Let \(f(x) = {{\rm{e}}^{6x}}\) .

Write down \(f'(x)\) .

[1]

The tangent to the graph of f at the point \({\text{P}}(0{\text{, }}b)\) has gradient m .

(i) Show that \(m = 6\) .

(ii) Find b .

[4]

b(i) and (ii).

Hence, write down the equation of this tangent.

[1]

Markscheme

\(f'(x) = 6{{\rm{e}}^{6x}}\) A1 N1

[1 mark]

(i) evidence of valid approach (M1)

e.g. \(f'(0)\) , \(6{{\rm{e}}^{6 \times 0}}\)

correct manipulation A1

e.g. \(6{{\rm{e}}^0}\) , \(6 \times 1\)

\(m = 6\) AG N0

(ii) evidence of finding \(f(0)\) (M1)

e.g. \(y = {{\rm{e}}^{6(0)}}\)

\(b = 1\) A1 N2

[4 marks]

b(i) and (ii).

\(y = 6x + 1\) A1 N1

[1 mark]

Examiners report

On the whole, candidates handled this question quite well with most candidates correctly applying the chain rule to an exponential function and successfully finding the equation of the tangent line.

On the whole, candidates handled this question quite well with most candidates correctly applying the chain rule to an exponential function and successfully finding the equation of the tangent line.

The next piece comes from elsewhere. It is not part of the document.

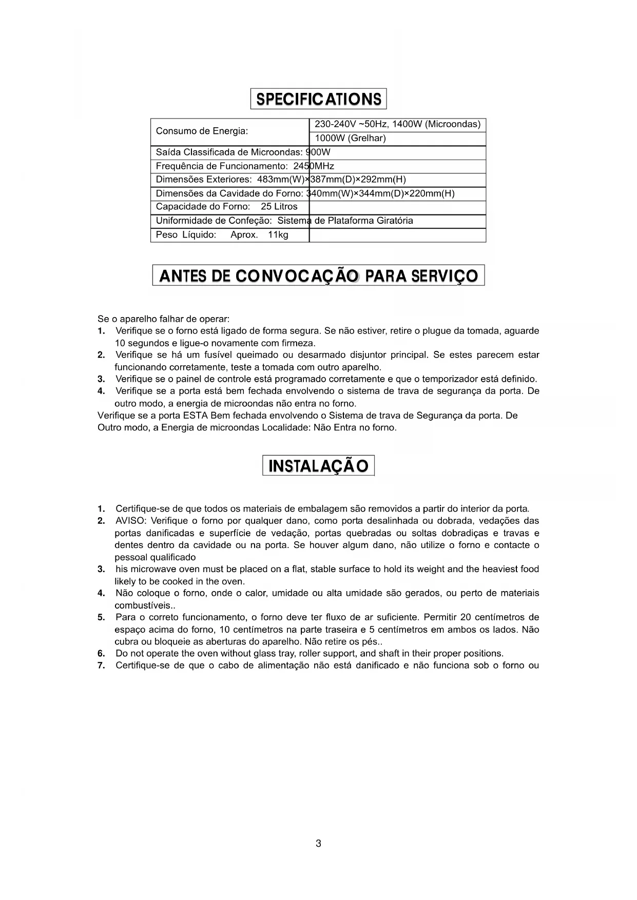 2Consumo de Energia: 230-240V ~50Hz, 1400W (Microondas) 1000W (Grelhar) Saída Classificada de Microondas: 900W Frequência de Funcionamento: 2450MHz Dimensões Exteriores: 483mm(W)×387mm(D)×292mm(H) Dimensões da Cavidade do Forno: 340mm(W)×344mm(D)×220mm(H) Capacidade do Forno: 25 Litros Uniformidade de Confeção: Sistema de Plataforma Giratória Peso Líquido: Aprox. 11kg Se o aparelho falhar de operar: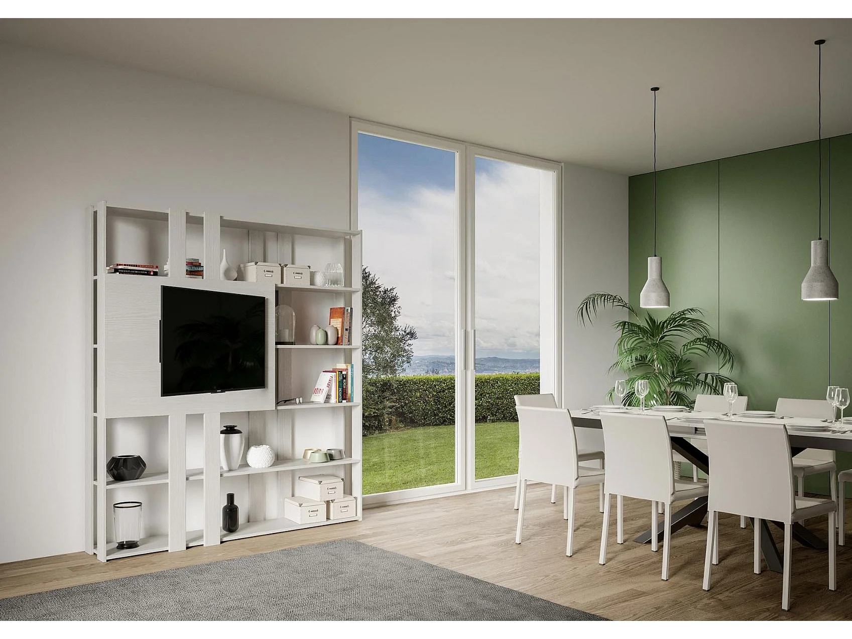 Bibliothèque avec support TV Kato N frêne blanc

Some candidates lost a mark in (b)(i) for not showing sufficient working leading to the given answer.

b(i) and (ii).

On the whole, candidates handled this question quite well.

Syllabus sections

Topic 6 - Calculus » 6.2 » Derivative of \({x^n}\left( {n \in \mathbb{Q}} \right)\) , \(\sin x\) , \(\cos x\) , \(\tan x\) , \({{\text{e}}^x}\) and \(\ln x\) .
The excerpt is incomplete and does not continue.